If there's also so much problemos with the amp in it, what about getting a small ebay 2.1 amp, and changing the resistor and cap on the amp board so the gain is really low?

It could fix the hiss, hum, and allows you to control the volume of the device itself. Perhaps just patching up the hole where the amp is would be able to do it ya? :L
 
I think it would be more fun soldering some wires and resistors to a 3.5mm cable bridging back to the "aux in" with some insulated wires hot glued in place and soldered.
bypassing the bluetooth module.
If I really felt like it i could just snip all the leads off the bluetooth module completely.

the actual IC chips dont have much static at all. when the bluetooth module is in standby mode and I brush my fingers across the input leads to the IC's. i hear a loud bzuz when my finger hits the input leads but its silent when the bluetooth module is in standby mode. no static from the chip itself. its just coupled poorly with too high of gain from the bluetooth reciever module
 
Yes I can input into aux with bluetooth off.
There is no way to disable bluetooth mode.

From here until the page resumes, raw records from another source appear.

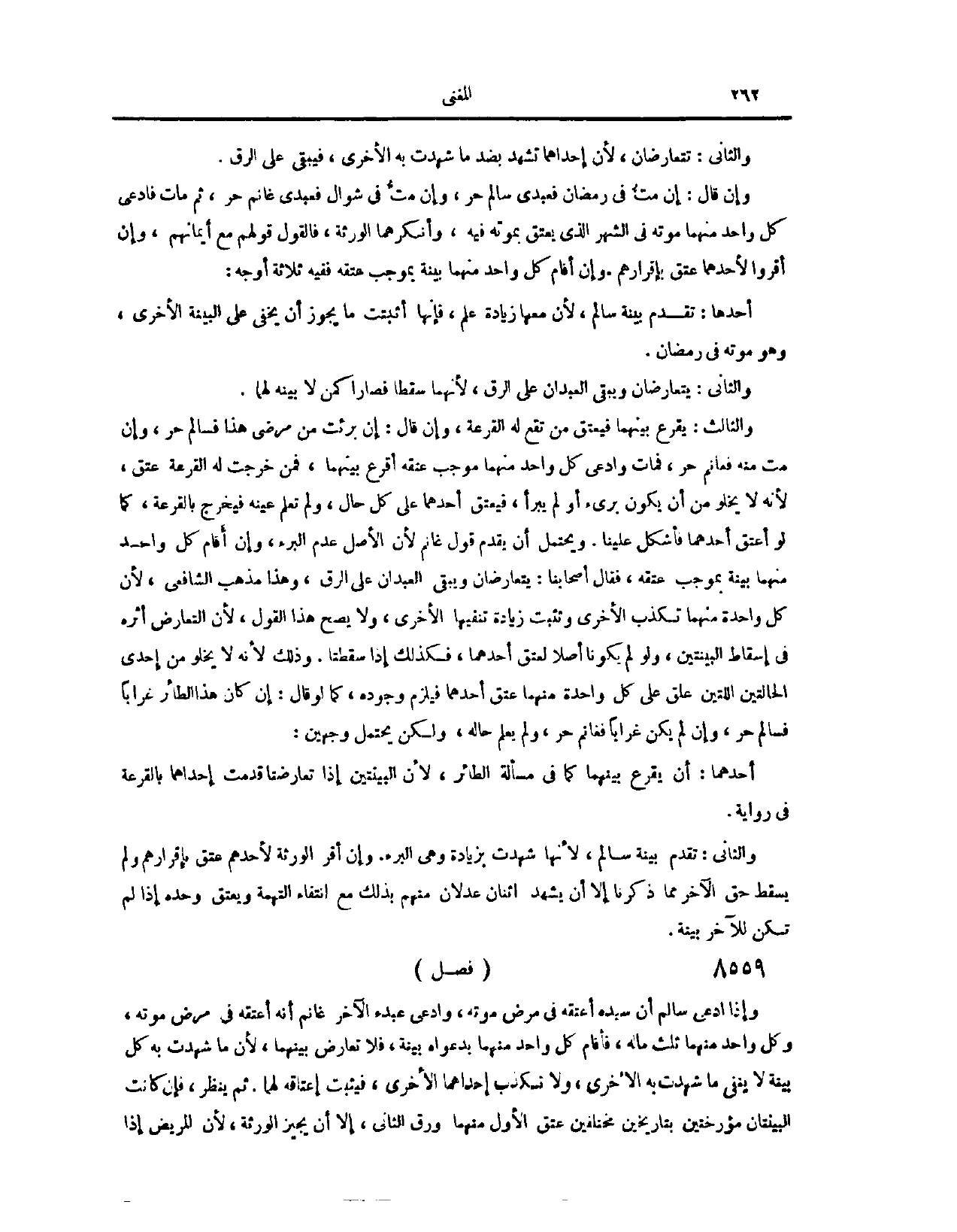 (٨٥٢٨) فَصْلٌ: وَإِذَا ادَّعَى سَالِمٌ أَنَّ سَيِّدَهُ أَعْتَقَهُ فِي مَرَضِ مَوْتِهِ، وَادَّعَى عَبْدُهُ الْآخَرُ غَانِمٌ أَنَّهُ أَعْتَقَهُ فِي مَرَضِ مَوْتِهِ، وَكُلُّ وَاحِدٍ مِنْهُمَا ثُلُثُ مَالِهِ، فَأَقَامَ كُلُّ وَاحِدٍ مِنْهُمَا بِدَعْوَاهُ بَيِّنَةً فَلَا تَعَارُضَ بَيْنَهُمَا؛ لِأَنَّ مَا شَهِدَتْ بِهِ كُلُّ بَيِّنَةٍ لَا يَنْفِي مَا شَهِدَتْ بِهِ الْأُخْرَى، وَلَا تُكَذِّبُ إحْدَاهُمَا الْأُخْرَى، فَيَثْبُتُ إعْتَاقُهُ لَهُمَا، ثُمَّ يُنْظَرُ، فَإِنْ كَانَتْ الْبَيِّنَتَانِ مُؤَرِّخَتَيْنِ بِتَارِيخَيْنِ مُخْتَلِفَيْنِ، عَتَقَ الْأَوَّلُ مِنْهُمَا. وَرَقَّ الثَّانِي، إلَّا أَنْ يُجِيزَ الْوَرَثَةُ، لِأَنَّ الْمَرِيضَ إذَا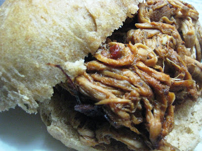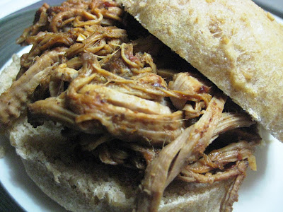 I used the crockpot method but this time instead of using storebought barbecue sauce, I decided to make my own. No high fructose corn syrup crap for me. Instead, I made this Texas Barbecue Sauce Recipe from Bon Appetit. The only thing I changed was to use tomato sauce instead of ketchup (The smell of ketchup makes me gag. So there is no way it is allowed in my kitchen. Ever.) And it was fantastic. Just the right amount of sweet and spicy to make me swoon.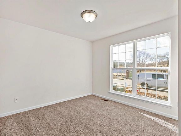 McBride Homes' new construction in Lake St. Louis' Creek Stone neighborhood. The Aspen II ranch model offers 3 beds, 2 baths, and will be move in ready this spring. Walkout homesite backing to common ground! Enjoy the bright, open living spaces with 6’ windows and wood laminate flooring. Kitchen features dark 42” kitchen cabinetry, island with breakfast bar, stainless steel GE appliances and walk-in pantry. Separate dining area with sliding glass doors leading to covered area for future deck. Various recessed can lighting in kitchen and great room, along with a great room ceiling fan and large window. Master suite features a walk-in closet, master bath double vanity and walk-in shower. Two add’l beds and hall bath. Main-level laundry. Brushed nickel lighting fixtures and plumbing fixtures. The exterior showcases dark gray siding and black shutters, creating a timeless aesthetic. McBride Homes' 10-year builders warranty and customer service ensures peace of mind. Similar photos shown.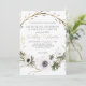 Invitación en papel 5x7, imágenes a dos lados y texto para invitaciones de boda. Hay una suite completa para invitados a la boda. Corona de sauce sencilla y elegante con hojas de helado y eucalipto con aliento de bebé y flores anémonas blancas. El fondo es blanco (pero se puede cambiar). En el reverso hay un suave patrón de gris de paloma caliente con una franja de hojas de follaje (se puede cambiar este color de fondo si se desea). Derechos reservados Audrey Jeanne Roberts, derechos reservados.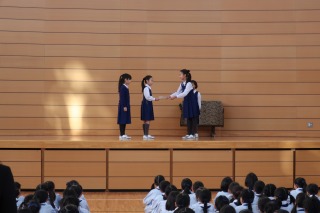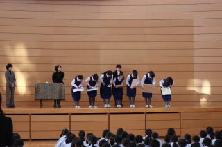 また、児童会から、丁寧な言葉遣いとプラクティスのふりかえりについて呼びかけがありました。児童会が行ってきた「です。」「ます。」運動について、児童会役員が劇を通して、みんなの様子を分かりやすく説明してくれました。丁寧で美しい言葉遣いは、相手を思う気持ちの表れです。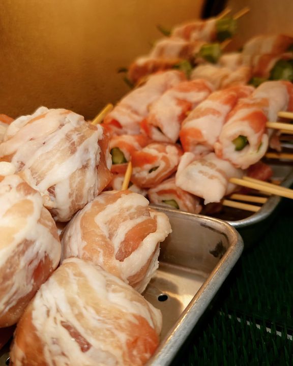 本日の肉巻き串物は『トマト肉巻き』『アスパラ肉巻き』『おくら肉巻き』です😀❗

Its always on whenever the power cable is plugged in just switches its mode to "always on bypass through aux in" which causes the bluetooth module to route the aux in signal THROUGH the bluetooth module before passing into the chip. causing the static.

As far as I can see all grounds are at ground potential. the bluetooth module might be connected with straight wires and no resistors to the IC chip amp. causing too much gain and hissing/fuzz when its active.

Its not a buzz or static. more like a constant soft hiss/fuzz but quite noticable when my room is quiet with the AC off.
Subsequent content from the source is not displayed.